TASK >>
Would you print the lines below exactly, beginning at the line that has "9. 捞出丸子控油,加入辣椒粉和孜掏蔑然粉,很香哦" and stopping after the line that has "RGHNEWS PRASHANT TIWARI"? Only those lines, and no pictures.

SUPPLIED RECORDS >>
····················
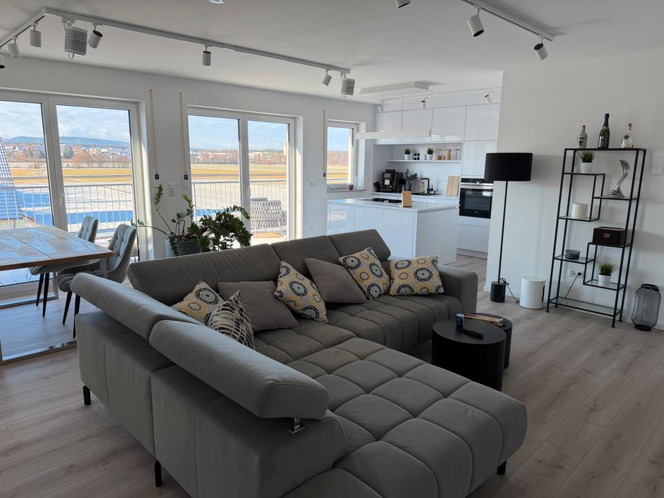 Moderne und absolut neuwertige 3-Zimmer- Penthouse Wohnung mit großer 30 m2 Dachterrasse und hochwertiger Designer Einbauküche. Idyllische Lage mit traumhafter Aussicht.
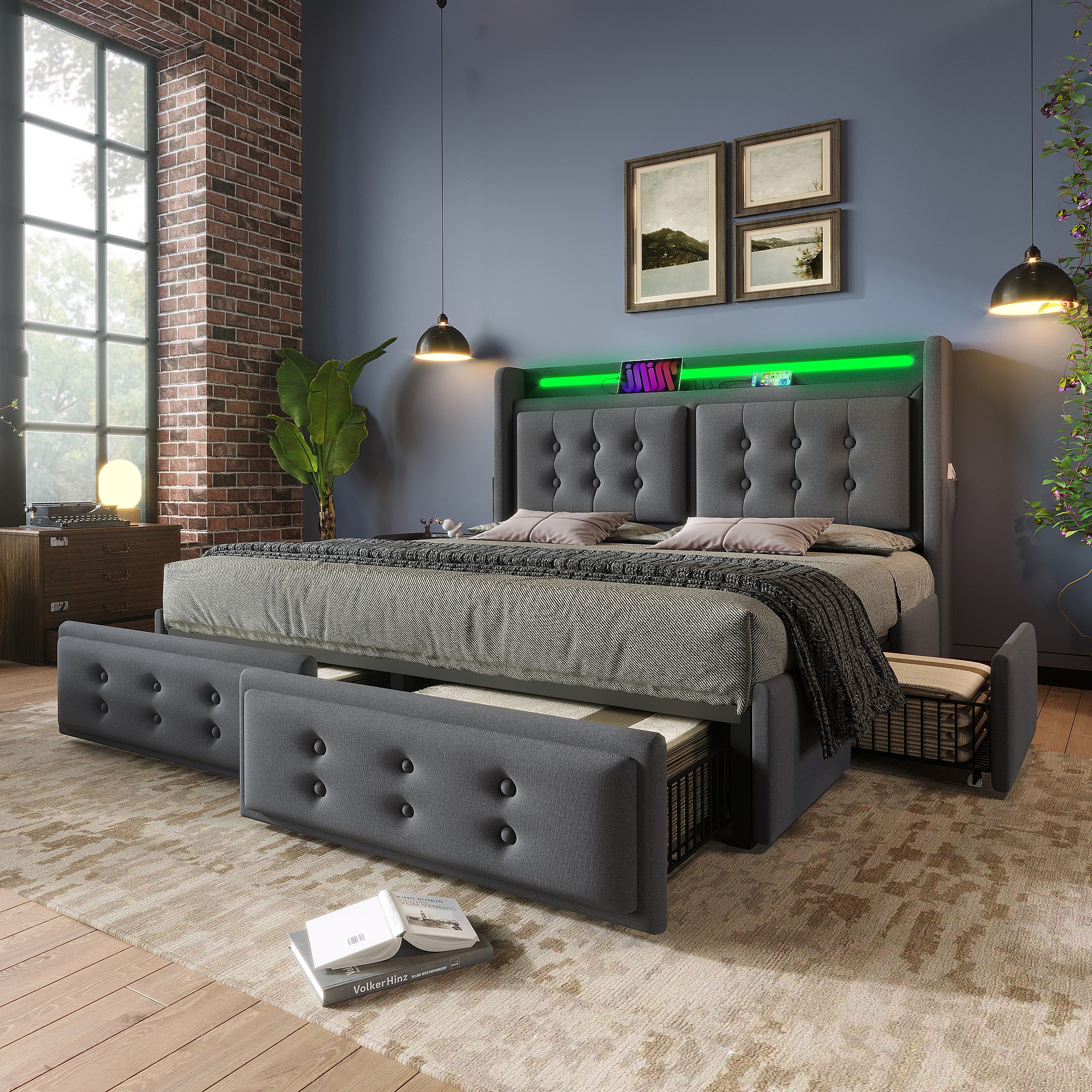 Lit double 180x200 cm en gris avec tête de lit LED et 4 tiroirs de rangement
····················
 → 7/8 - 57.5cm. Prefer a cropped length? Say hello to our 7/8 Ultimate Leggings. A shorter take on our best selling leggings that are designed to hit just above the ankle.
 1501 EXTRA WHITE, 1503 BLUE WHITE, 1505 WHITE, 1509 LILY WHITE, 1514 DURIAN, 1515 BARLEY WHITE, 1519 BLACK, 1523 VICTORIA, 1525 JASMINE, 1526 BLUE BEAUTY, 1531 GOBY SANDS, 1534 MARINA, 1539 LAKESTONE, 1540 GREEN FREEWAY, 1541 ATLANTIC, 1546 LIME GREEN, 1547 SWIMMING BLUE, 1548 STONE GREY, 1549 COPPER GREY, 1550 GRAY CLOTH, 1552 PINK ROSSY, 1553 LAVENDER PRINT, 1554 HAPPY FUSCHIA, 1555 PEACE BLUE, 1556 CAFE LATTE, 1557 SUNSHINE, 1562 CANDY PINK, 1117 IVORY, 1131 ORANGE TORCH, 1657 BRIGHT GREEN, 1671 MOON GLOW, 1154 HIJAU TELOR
····················
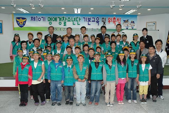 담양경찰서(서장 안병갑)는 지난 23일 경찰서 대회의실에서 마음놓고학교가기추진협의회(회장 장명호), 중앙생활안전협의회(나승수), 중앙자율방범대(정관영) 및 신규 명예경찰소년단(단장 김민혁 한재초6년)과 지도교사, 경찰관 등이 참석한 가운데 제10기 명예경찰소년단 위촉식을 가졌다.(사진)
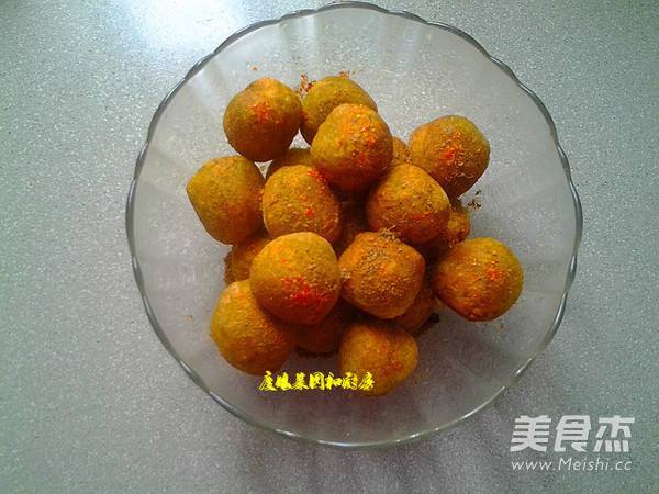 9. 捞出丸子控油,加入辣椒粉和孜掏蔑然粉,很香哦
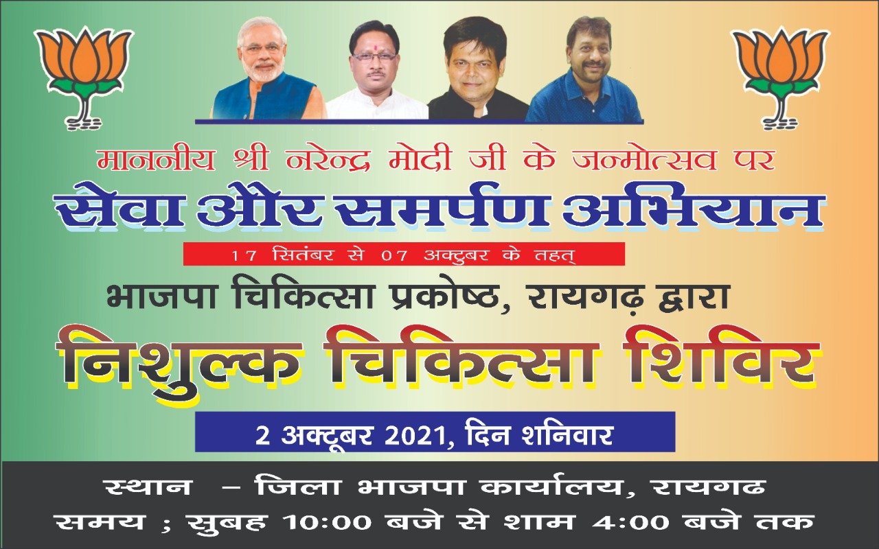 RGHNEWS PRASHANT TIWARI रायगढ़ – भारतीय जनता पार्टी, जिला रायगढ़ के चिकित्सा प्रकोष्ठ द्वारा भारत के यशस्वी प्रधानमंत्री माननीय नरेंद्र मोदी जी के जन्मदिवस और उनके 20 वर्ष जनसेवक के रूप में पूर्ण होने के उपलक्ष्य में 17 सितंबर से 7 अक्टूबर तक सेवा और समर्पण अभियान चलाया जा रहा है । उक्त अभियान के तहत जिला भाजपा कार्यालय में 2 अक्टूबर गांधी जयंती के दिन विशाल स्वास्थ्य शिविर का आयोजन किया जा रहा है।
····················
EXERCISE SOLUTION >>
 9. 捞出丸子控油,加入辣椒粉和孜掏蔑然粉,很香哦
 RGHNEWS PRASHANT TIWARI रायगढ़ – भारतीय जनता पार्टी, जिला रायगढ़ के चिकित्सा प्रकोष्ठ द्वारा भारत के यशस्वी प्रधानमंत्री माननीय नरेंद्र मोदी जी के जन्मदिवस और उनके 20 वर्ष जनसेवक के रूप में पूर्ण होने के उपलक्ष्य में 17 सितंबर से 7 अक्टूबर तक सेवा और समर्पण अभियान चलाया जा रहा है । उक्त अभियान के तहत जिला भाजपा कार्यालय में 2 अक्टूबर गांधी जयंती के दिन विशाल स्वास्थ्य शिविर का आयोजन किया जा रहा है।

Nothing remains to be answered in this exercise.